DIRECTIONS FOR THIS TASK: Please repeat, exactly as they stand, the line containing "貝加莫廚房採半自助式,茶水、餐具和醬料都擺在一個小桌子上讓顧客自行取用" and the lines after it through the final line of the listing below, minus pictures.

DATA BLOCK:
□ □ □ □ □ □ □

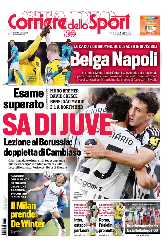 Il 'Corriere dello Sport' oggi in edicola, in prima pagina, apre parlando della bella vittoria, 1-2, della Juventus in casa del Borussia Dortmund nell'amichevole in Germania: decide una doppietta di Andrea Cambiaso. In alto, sotto la testata, si parla della crescita del Napoli 'belga': l'intesa tra Romelu Lukaku e il nuovo arrivato Kevin De Bruyne cresce partita dopo partita.
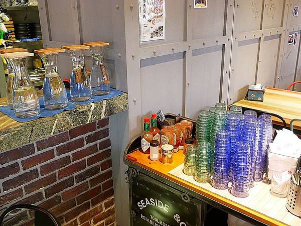 貝加莫廚房採半自助式,茶水、餐具和醬料都擺在一個小桌子上讓顧客自行取用
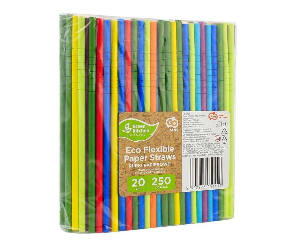 PAPIEROWE SŁOMKI DO PICIA ŁAMANE, WIELOKOLOROWE Długość: 20 cm Średnica: 0,6 cm Kolor: wielokolorowe Materiał: papier Ilość sztuk w opakowaniu: 250 Kolekcja: GoGreen
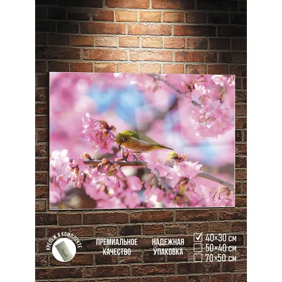 Картина "Птичка На Ветке Сакуры" 40х30 см на стекле

□ □ □ □ □ □ □

RESPONSE FOR THIS EXERCISE:
 貝加莫廚房採半自助式,茶水、餐具和醬料都擺在一個小桌子上讓顧客自行取用
 PAPIEROWE SŁOMKI DO PICIA ŁAMANE, WIELOKOLOROWE Długość: 20 cm Średnica: 0,6 cm Kolor: wielokolorowe Materiał: papier Ilość sztuk w opakowaniu: 250 Kolekcja: GoGreen
 Картина "Птичка На Ветке Сакуры" 40х30 см на стекле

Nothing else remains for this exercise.